A confusão da jovem aumentava.
— Esse é o seu destino, minha filha, fazer parte de algo maior. Mas não será fácil. Os espíritos me contaram que, se o cosmos quiser ser salvo, vocês devem ajudar o homem conhecido como o Rei de Runyra. Os espíritos dizem que ele tem um temperamento difícil e é astuto como uma serpente, mas é um bom homem, protegerá você e sua mãe. Se ele morrer, será o fim de tudo que conhecemos, não podemos deixar isso acontecer.
O velho começou a caminhar de volta, a jovem ao seu lado, ainda tentando processar tudo o que ouvira.
— Pai… eu não…
— Confio essa missão a você — disse o rei, sua voz firme apesar da fraqueza. — Meus filhos usariam esse conhecimento para benefício próprio, e há traidores por todo lado.
O velho rei olhou para sua filha com olhos cansados, mas determinados.
— É melhor partirem logo. Seu irmão, Haldor, as acompanhará. Ele é um homem confiável, o mais honrado dos meus quarenta e seis filhos e filhas. Mas lembre-se, só você pode carregar o tomo até ser entregue à Santa de Valéria.
Ele tocou o tomo e, com um gesto mágico, o grande livro se transformou em um anel, que ele cuidadosamente colocou no indicador da jovem.
— Por que só eu posso carregar isso? — perguntou ela, olhando o anel com curiosidade e um pouco de medo.
O velho suspirou, reunindo suas forças para uma última explicação.
— Nossos ancestrais vieram para esta ilha após a queda do véu. Eles eram os primeiros Elfos, conhecidos como Altmers. Este livro foi escrito por eles, magos que conseguiam conversar com as estrelas. Você tem o sangue deles. As estrelas me disseram isso. É um legado que corre em suas veias. Agora, você deve se apressar. Tenho, no máximo, mais algumas horas de vida.

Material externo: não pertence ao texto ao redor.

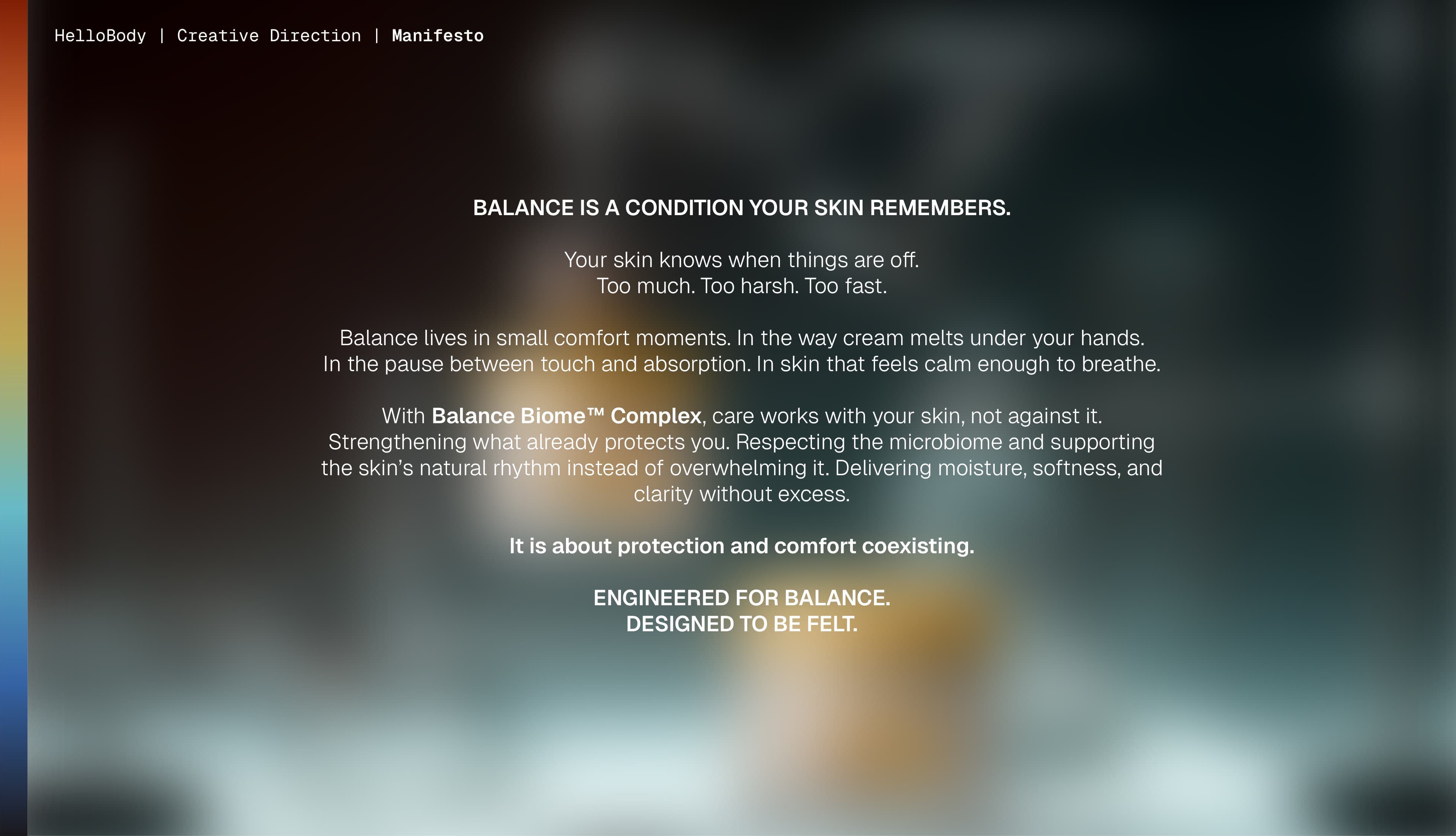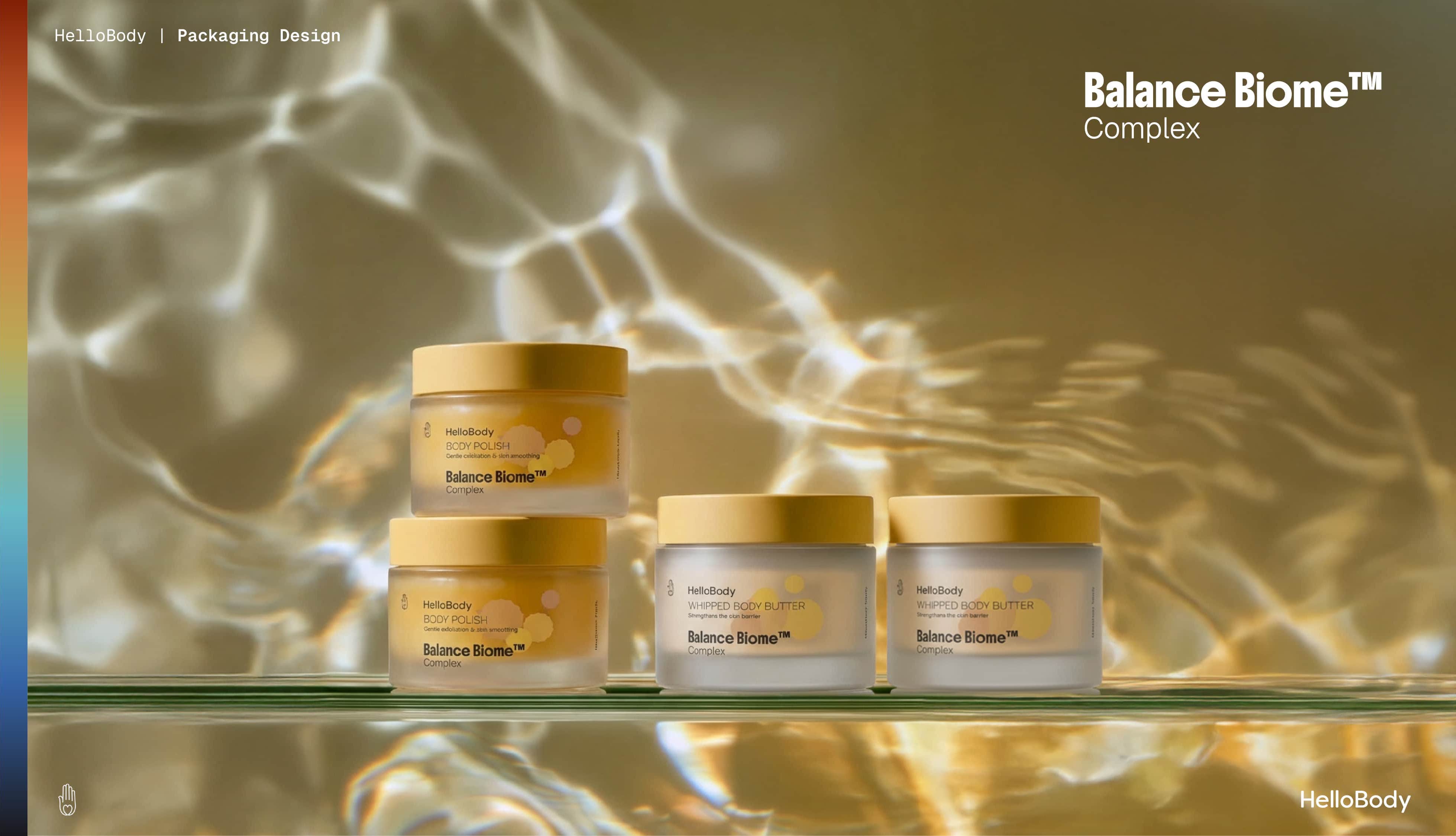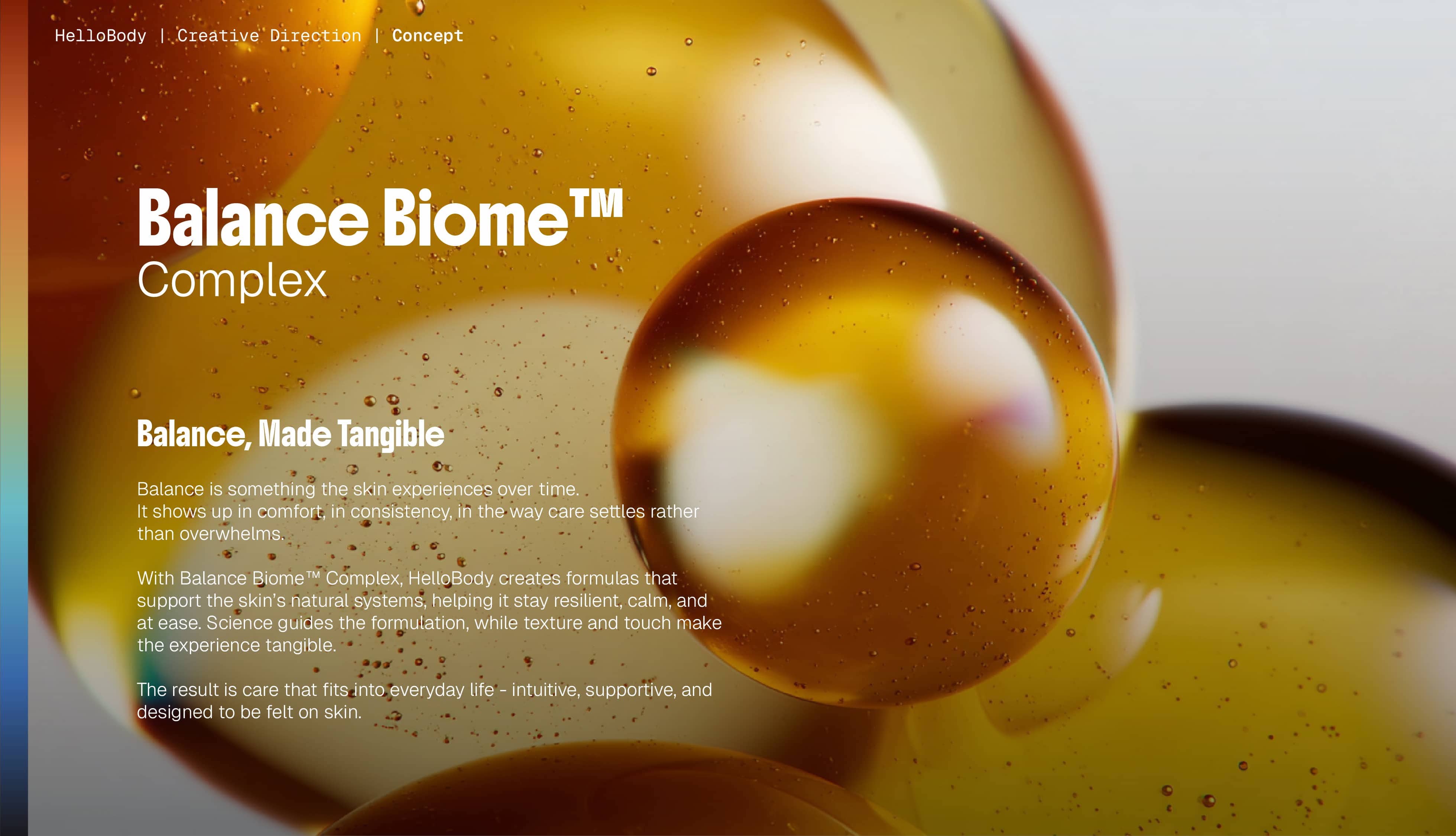 A holistic brand and product launch concept for HelloBody introducing Balance Biome™ Complex — a microbiome-supporting formula designed to strengthen the skin barrier while delivering everyday comfort. The project repositions science-led skincare through a lens of controlled softness, translating dermatological logic into a tactile, emotionally resonant brand experience.

Com um esforço visível, o rei conjurou uma carta, entregando-a nas mãos da filha.
— Entregue isto nas mãos do rei, e apenas nas mãos dele.
O velho rei se desculpou, sua voz embargada pela emoção.
— Sinto muito por colocar um fardo tão pesado nas costas de alguém tão jovem. Mas é o que tem que ser feito.
A jovem, sentindo a gravidade do momento, deu um abraço apertado no pai.
— Eu te amo — disse o velho rei, a voz fraquejando. — Agora, vá. Precisa ir.
Ela se afastou, os olhos marejados, mas determinada. Com o anel no dedo e a carta firmemente segurada, a jovem ruiva partiu, sabendo que estava a ponto de embarcar em uma jornada que poderia mudar o destino de todo o reino.